I am making an advanced ML job in X-pack that will be partitioned by a certain job-type. At the moment, the data in the field job-type that is in ES includes the version number as: "job_cats:release-4" (this is an example). If possible, I would like to trim all information after the colon for it to become "job_cats" and partition my ML job on the job_type without the version number (this is only useful for us to do for these ML jobs). Something similar to:

https://www.elastic.co/guide/en/x-pack/current/ml-configuring-transform.html#ml-configuring-transform3

In short, how do I trim a string to include only information before the colon and then partition the field_name with the new trimmed value.

Thank you in advanced


(Ben Trent) #2

You totally can. You will have to create the job via the API and partition on the to be created scripted field.

Then you can create a datafeed that creates the scripted field (may want to do a check with _preview to verify your script is acting as it should).

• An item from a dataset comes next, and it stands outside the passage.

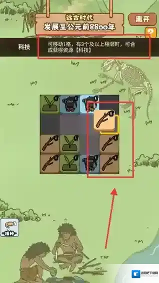 4、科技的合成规则为方块可移动【1】格,有【3】个及以上相邻时可合成获得【科技】资源;移动【树枝】方块,使其与其他树枝相邻凑足数量,即可合成获取资源。

And that should get you going. To my knowledge there is no way to do this strictly within the Kibana.


#3

So i can't do this in the "edit JSON" tab in the advanced ML jobs in Kibana?

And can you please provide an example of to trim my example with painless?


(Ben Trent) #4

You can create the Job in the Edit Json tab, but I am not 100% you can create the data feed there. You will have to create/update the datafeed outside of that.

As for the scripting part, something like the following SHOULD work, though I am no painless expert.

String[] parts = /:/.split(doc[‘job_type’].value); return parts[0];

(Ben Trent) #5

Example JSON Bodies

Job Creation 

{
"description" : "Unusual service behaviour",
"analysis_config" : {
    "bucket_span":"10m",
    "detectors" :[
      {
        "detector_description": "Unusual sum for each  job",
        "function": "sum",
        "field_name": "total",
        "partition_field_name": "parsed_job_type"
      },
      {
        "detector_description": "Unusually high response for each job",
        "function": "high_mean",
        "field_name": "response",
        "partition_field_name": "parsed_job_type"
      }
    ],
    "influencers": ["host"]
    },
    "data_description" : {
      "time_field":"@timestamp",
      "time_format": "epoch_ms"
    }
}

Data-feed-creation

{
  "job_id" : "$JOB_ID",
  "indexes" : [
    "$INDEX_NAME"
  ],
  "types" : [
    "metric"
  ],
  "scroll_size" : 1000,
  "script_fields": {
     "parsed_job_type": {
        "script": {
          "lang": "painless",
          "source": "String[] parts = /:/.split(doc[‘job_type’].value); return parts[0];" 
        }
     }
  }
}

#6

Thank you so much, you're awesome!


(Mark Walkom) #7